(PROBLEM REQUIREMENTS)
Using the listing below, copy exactly each line from the one that has "[00:02:82] | 夏色 プレゼント |" through the one that has "سبحه من اليسر"; omit the pictures.

(MATERIAL PROVIDED)
◇ ◇ ◇ ◇ ◇ ◇ ◇

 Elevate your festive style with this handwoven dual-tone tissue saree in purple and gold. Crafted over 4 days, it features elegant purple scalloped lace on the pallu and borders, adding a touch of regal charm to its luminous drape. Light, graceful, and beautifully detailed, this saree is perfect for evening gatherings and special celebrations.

◇ ◇ ◇ ◇ ◇ ◇ ◇

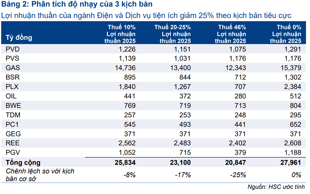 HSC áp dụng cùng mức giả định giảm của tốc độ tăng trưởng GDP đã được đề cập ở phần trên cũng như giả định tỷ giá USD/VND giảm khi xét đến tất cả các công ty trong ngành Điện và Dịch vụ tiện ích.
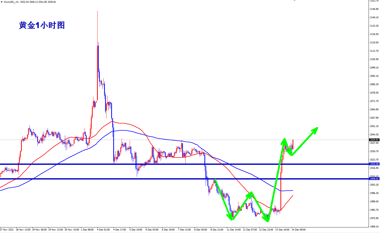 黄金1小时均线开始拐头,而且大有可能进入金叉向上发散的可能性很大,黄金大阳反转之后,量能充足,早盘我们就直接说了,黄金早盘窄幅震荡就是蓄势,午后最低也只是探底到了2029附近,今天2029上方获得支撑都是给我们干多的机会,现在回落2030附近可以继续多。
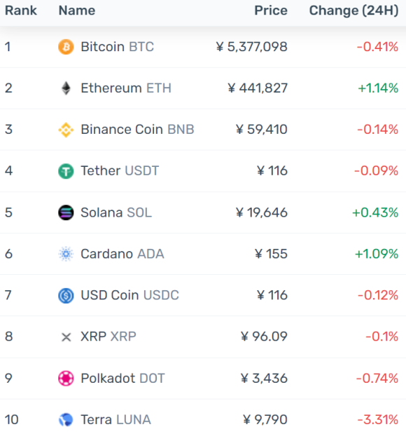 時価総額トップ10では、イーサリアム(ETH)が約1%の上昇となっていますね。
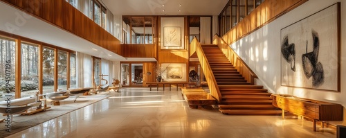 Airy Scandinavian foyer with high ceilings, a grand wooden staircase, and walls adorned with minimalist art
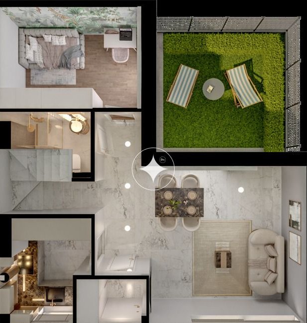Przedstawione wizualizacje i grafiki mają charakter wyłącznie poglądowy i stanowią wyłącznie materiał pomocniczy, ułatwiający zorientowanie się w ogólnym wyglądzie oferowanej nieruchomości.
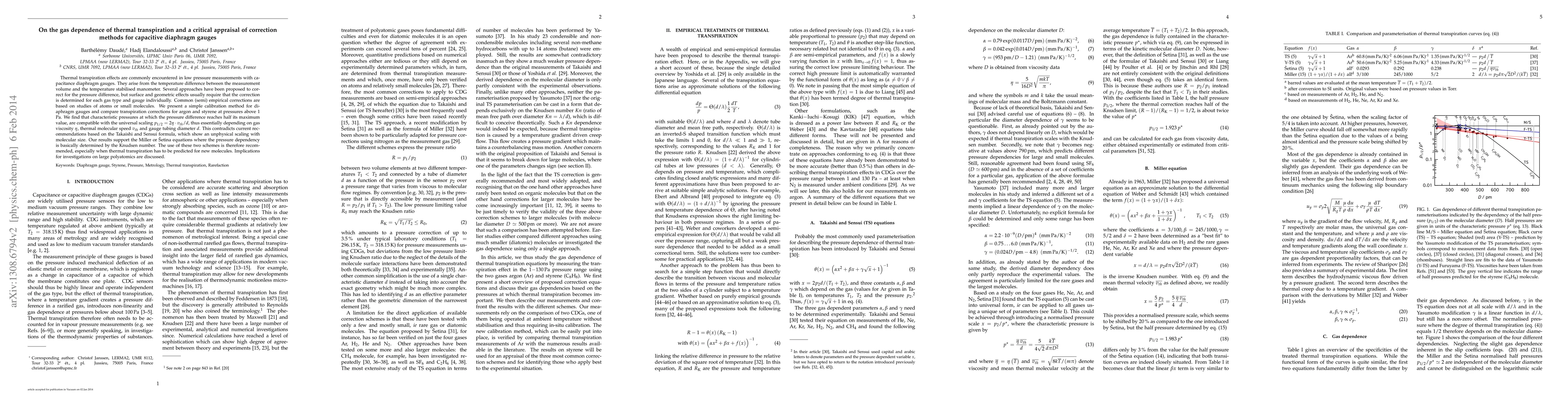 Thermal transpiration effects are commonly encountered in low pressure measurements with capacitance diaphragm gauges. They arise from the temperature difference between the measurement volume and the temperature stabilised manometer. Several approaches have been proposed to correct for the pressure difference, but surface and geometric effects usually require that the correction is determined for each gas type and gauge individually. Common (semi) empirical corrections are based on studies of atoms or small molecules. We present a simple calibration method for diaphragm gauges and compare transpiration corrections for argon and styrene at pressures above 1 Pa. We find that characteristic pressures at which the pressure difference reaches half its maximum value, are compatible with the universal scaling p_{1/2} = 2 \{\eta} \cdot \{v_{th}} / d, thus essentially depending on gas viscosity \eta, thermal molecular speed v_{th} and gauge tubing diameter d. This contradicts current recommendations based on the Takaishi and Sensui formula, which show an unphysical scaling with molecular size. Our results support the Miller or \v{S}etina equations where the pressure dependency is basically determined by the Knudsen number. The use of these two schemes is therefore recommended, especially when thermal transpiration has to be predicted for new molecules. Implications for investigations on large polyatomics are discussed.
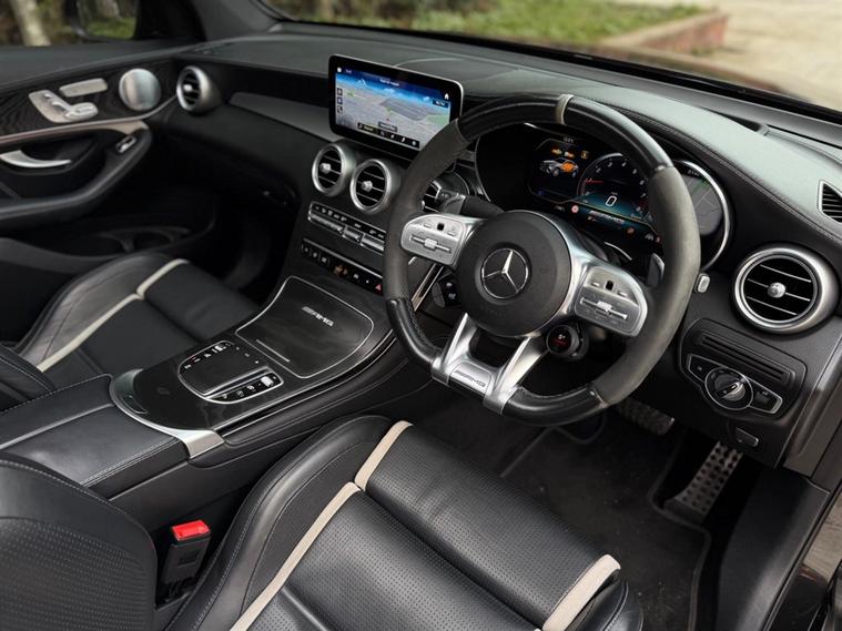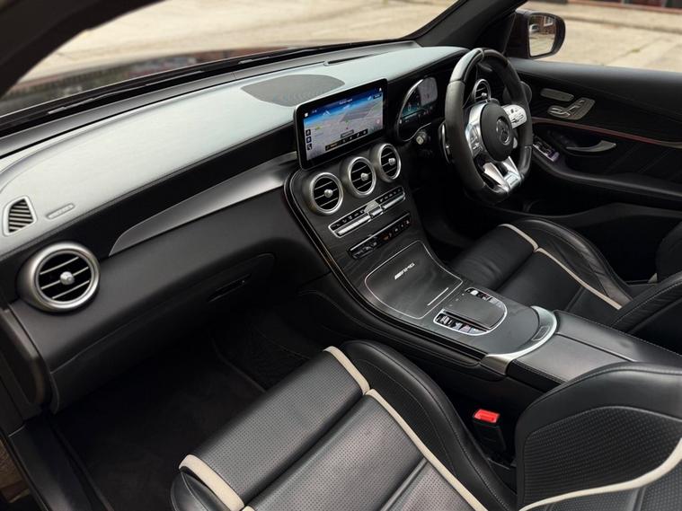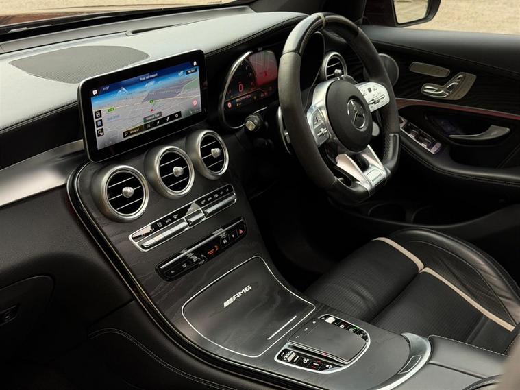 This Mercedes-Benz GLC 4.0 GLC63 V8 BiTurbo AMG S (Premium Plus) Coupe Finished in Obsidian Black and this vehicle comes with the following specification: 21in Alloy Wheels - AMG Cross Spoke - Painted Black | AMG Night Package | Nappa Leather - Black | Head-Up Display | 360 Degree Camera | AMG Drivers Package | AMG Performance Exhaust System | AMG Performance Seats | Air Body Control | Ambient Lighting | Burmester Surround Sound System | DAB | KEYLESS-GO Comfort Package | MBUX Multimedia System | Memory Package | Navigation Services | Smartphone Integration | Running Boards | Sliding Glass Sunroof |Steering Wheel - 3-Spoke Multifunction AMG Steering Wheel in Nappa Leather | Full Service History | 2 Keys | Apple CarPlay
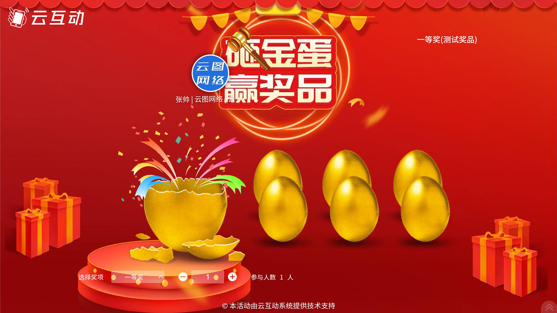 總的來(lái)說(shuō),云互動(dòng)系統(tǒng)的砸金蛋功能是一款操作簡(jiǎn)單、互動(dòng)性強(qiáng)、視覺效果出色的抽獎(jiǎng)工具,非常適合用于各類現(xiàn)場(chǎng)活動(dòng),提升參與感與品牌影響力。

◇ ◇ ◇ ◇ ◇ ◇ ◇

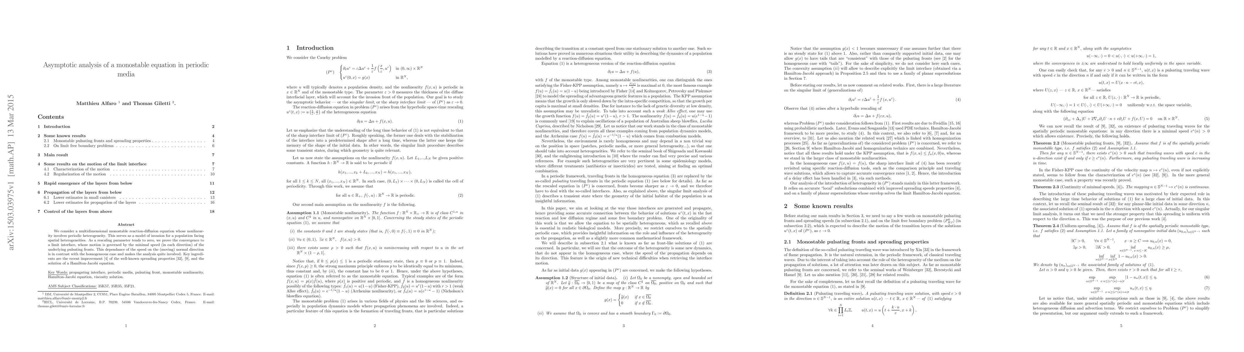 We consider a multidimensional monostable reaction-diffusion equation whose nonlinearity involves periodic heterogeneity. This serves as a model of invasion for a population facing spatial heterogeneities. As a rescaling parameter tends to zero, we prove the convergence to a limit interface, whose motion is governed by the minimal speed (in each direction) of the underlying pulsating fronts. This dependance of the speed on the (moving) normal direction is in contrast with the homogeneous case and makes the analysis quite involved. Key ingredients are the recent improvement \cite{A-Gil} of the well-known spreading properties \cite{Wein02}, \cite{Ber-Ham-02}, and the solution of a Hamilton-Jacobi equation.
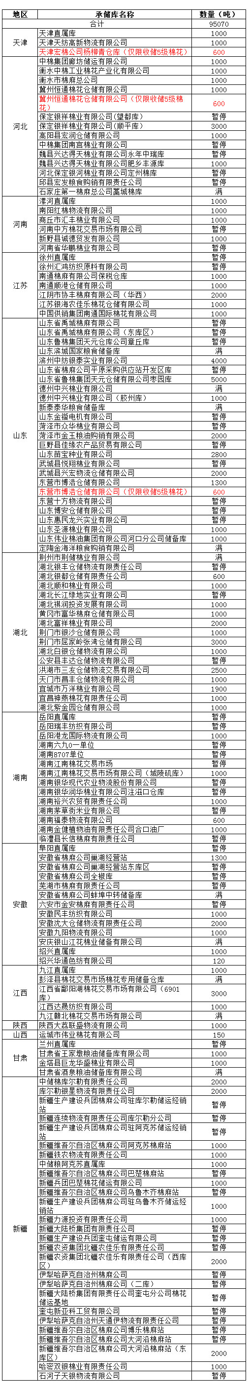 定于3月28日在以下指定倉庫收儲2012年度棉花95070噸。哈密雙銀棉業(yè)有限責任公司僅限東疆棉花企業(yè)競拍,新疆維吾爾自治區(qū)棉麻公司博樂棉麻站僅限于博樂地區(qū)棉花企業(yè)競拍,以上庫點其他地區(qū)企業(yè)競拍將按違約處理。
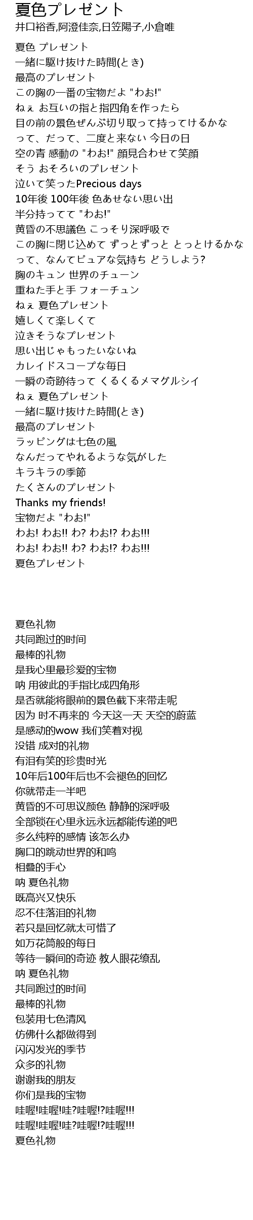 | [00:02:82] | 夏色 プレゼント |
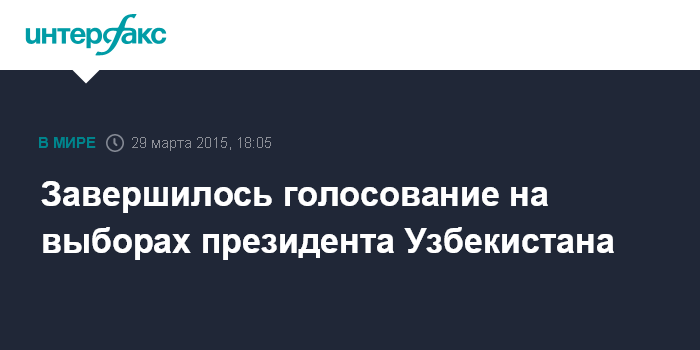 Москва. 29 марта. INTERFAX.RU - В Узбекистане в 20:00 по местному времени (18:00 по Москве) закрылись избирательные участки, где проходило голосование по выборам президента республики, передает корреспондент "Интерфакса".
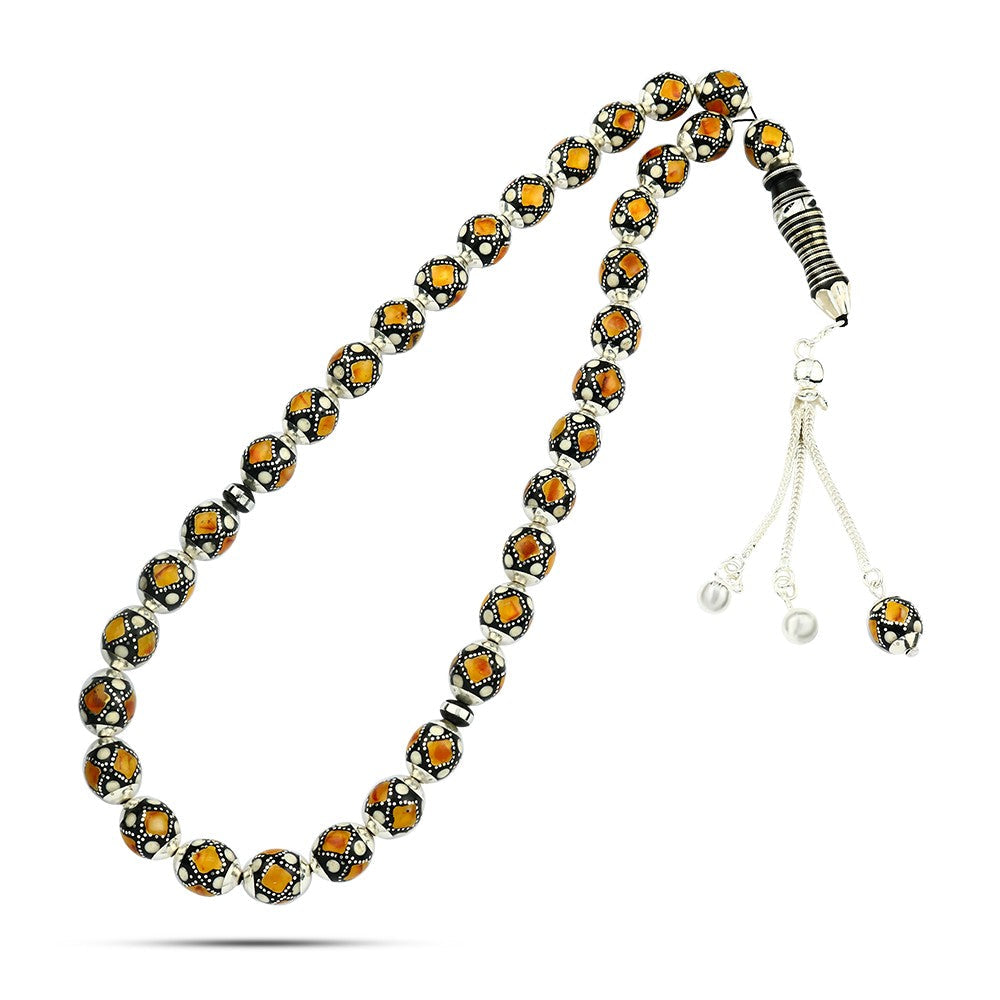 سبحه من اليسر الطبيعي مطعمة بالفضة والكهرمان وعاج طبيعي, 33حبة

◇ ◇ ◇ ◇ ◇ ◇ ◇

(ANSWER BOX)
 | [00:02:82] | 夏色 プレゼント |
 Москва. 29 марта. INTERFAX.RU - В Узбекистане в 20:00 по местному времени (18:00 по Москве) закрылись избирательные участки, где проходило голосование по выборам президента республики, передает корреспондент "Интерфакса".
 سبحه من اليسر الطبيعي مطعمة بالفضة والكهرمان وعاج طبيعي, 33حبة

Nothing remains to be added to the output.